Yes and no. Format depends on fixed width fonts (ie Courier New and friends) to line up the stuff. Here is a table in fixed width font
fixed | width | format
------+-------+-------
foo | bar | baz
And here is the same thing in variable width font (completely naff):
fixed | width | format
------+-------+-------
foo | bar | baz
If you can tolerate that you would just stick the output of format into a scalar and then insert it with a fixed width font type into Word and it will all look fine. format is a legacy item and painful to use. To capture its output you need a filehandle. I would just use sprintf which can do anything format can.

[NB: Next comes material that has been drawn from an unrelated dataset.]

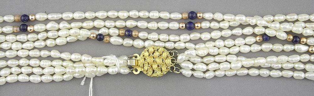 LOT 183 Quadruple Strand of Cultured Fresh Water Pearls (30"L) with Lapis & Gold Tone Spacers. Estimate: $100 - $200 Sold For: $200 Auction Date: Tuesday, February 11 2025 at 4:00 PM

my $tmpfile = 'c:/tmp/tmp.txt';
$str = 'widget';
$cost = 10;
format Something =
Item: @<<<<<<<<@>>>>>
$str, '$' . sprintf("%.2f",$cost)
.
# format is a pain in the ass and won't write to an IO::Handle so we
# need to go through these contortions
open TMP, "+>$tmpfile" or die $!;
select(TMP); # need to select our file as the output handle for w
+rite
$~ = 'Something'; # now select our format
write TMP; # now write it
seek TMP, 0, 0; # up to the top of the file to read it
select(STDOUT); # reinstate STDOUT as our ouput handle
@data = <TMP>; # read in our formatted data
close TMP; # clean up
unlink $tmpfile;
print @data; # wohoo
To 'format' variable width fonts you need tables or perhaps columns at a pinch. Either use Word ones or Excel. Making a formatted table in Excel and then inserting this as an object into Word is much better documented than manipulating tables in Word so will be easier to do.